Continuing with the background that reviewers disagree referenced above. A failure to address this is a fundamental flaw with quantile estimation methods, e.g., the Target, QPET, and QBCB rules. Reviewers learn over time about the collected documents and the real world events they reflect, and their conception of which documents are relevant therefore evolves during the review. This is not “concept drift” in the machine learning sense, where the definition of category membership appropriate to an item may depend on the temporal context of the item. The intent in eDiscovery is that there is a single temporal context (the point at which the review is complete) and a uniform standard of relevance at that time. The concern is more mundane: how to achieve a uniform standard given that reviewers will learn over time.

To the extent that a uniform standard is not achieved, this may introduce bias in effectiveness estimates. If random sample documents are coded only at the beginning or only at the end of review, their coding may not be representative of coding in the review as a whole.

IV. Management factors in Evaluations

Some studies of TAR algorithms and workflows for eDiscovery have used real-world data sets and considered complexities related to operational workflows. Studies of TAR evaluation methods and stopping rules, however, have not to our knowledge done this. This is natural, since the emphasis in these studies has been on estimation accuracy and ability to hit effectiveness targets. This means, however, that the evaluation literature has mostly not come to grips with the complexities of real world document reviews, and the demands they put on managers of those reviews.

Some studies of TAR algorithms and workflows for eDiscovery have used real-world data sets and considered complexities related to operational workflows. Studies of TAR evaluation methods and stopping rules, however, have emphasized statistical issues rather than operational issues. This has led to an under appreciation of the complexities review managers would face in using proposed evaluation approaches.

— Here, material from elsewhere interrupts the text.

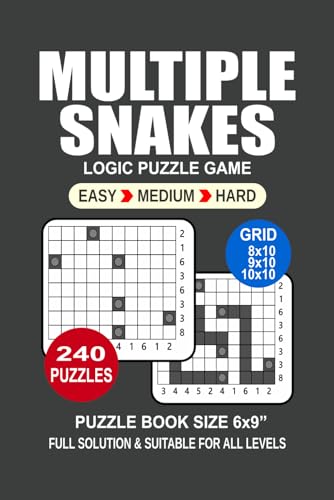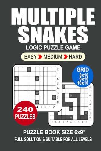 Multiple Snakes Puzzle Book For Adults: 240 Puzzles Multiple Snakes Great Logic Puzzle Game For Adults Seniors and Teens 3 Levels: Easy Medium and Hard Portable size 6x9 Inches.

1. Example Review Goals and Termination

A document review can involve millions of documents, hundreds of human reviewers with varying availability and skills, high costs, extreme time pressures, and rapidly changing legal circumstances that may require review of particular sets of documents at particular times.

This immediately rules out interventional evaluation methods and stopping rules such as SCAL, Autostop—Conservative, and Autostop—Optimistic which force a particular form of active learning to be used. Some non-interventional methods are impractical for this reason as well.

The quantile methods avoid sequential bias by requiring that review proceed until a pre-defined estimated effectiveness target is met. In operational contexts, both the effectiveness target and the duration of the review may have to be changed at any point due to external factors.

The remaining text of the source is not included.